▶ Problem to solve
From the line containing "Coppia PLACCHETTE A" down to the line containing "LINEMOを紹介すると、最", copy out the entries below exactly, both lines included, and nothing else; pictures do not belong in the copy.

▶ Records provided
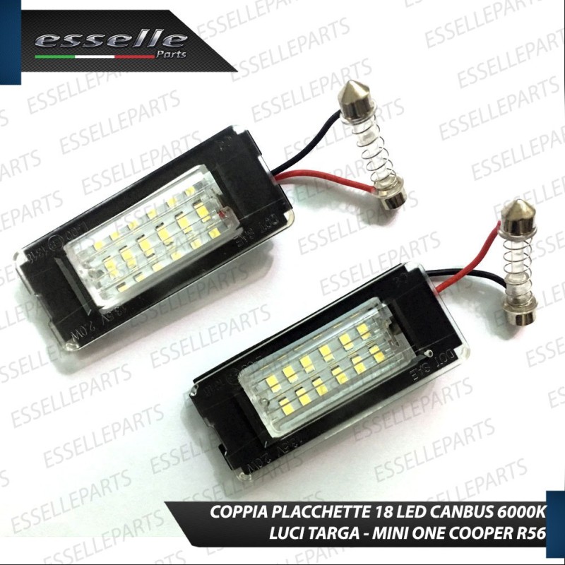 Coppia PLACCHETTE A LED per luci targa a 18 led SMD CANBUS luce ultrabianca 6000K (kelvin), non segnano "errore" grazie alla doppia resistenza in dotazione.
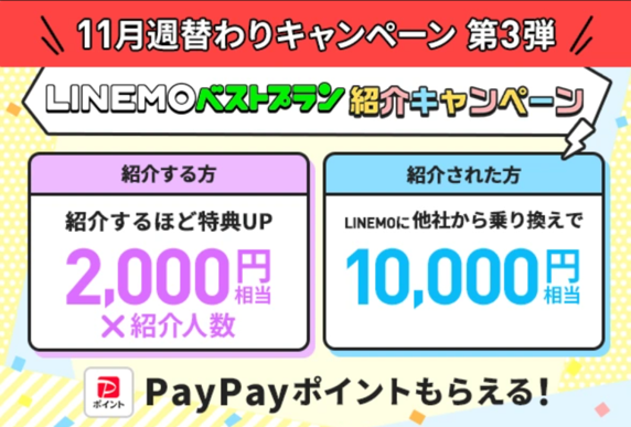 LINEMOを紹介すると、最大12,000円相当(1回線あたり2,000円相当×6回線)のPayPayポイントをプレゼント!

---

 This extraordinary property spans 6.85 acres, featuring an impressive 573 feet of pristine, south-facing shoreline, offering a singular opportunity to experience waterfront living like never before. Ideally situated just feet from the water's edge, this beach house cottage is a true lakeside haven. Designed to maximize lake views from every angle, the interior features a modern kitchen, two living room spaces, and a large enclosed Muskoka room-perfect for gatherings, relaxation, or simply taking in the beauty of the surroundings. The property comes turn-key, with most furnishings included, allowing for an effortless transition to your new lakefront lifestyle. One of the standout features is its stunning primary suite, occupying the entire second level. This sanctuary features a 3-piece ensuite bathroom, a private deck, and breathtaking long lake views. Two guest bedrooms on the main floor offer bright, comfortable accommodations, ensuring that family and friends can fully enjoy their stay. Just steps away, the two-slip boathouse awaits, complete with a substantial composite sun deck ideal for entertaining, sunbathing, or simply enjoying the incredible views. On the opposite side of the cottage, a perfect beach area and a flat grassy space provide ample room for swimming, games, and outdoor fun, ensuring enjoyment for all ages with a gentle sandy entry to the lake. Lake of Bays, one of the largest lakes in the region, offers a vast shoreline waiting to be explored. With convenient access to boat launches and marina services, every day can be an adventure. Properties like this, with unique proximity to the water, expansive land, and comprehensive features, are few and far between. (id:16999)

▶ Exercise response
 Coppia PLACCHETTE A LED per luci targa a 18 led SMD CANBUS luce ultrabianca 6000K (kelvin), non segnano "errore" grazie alla doppia resistenza in dotazione.
 LINEMOを紹介すると、最大12,000円相当(1回線あたり2,000円相当×6回線)のPayPayポイントをプレゼント!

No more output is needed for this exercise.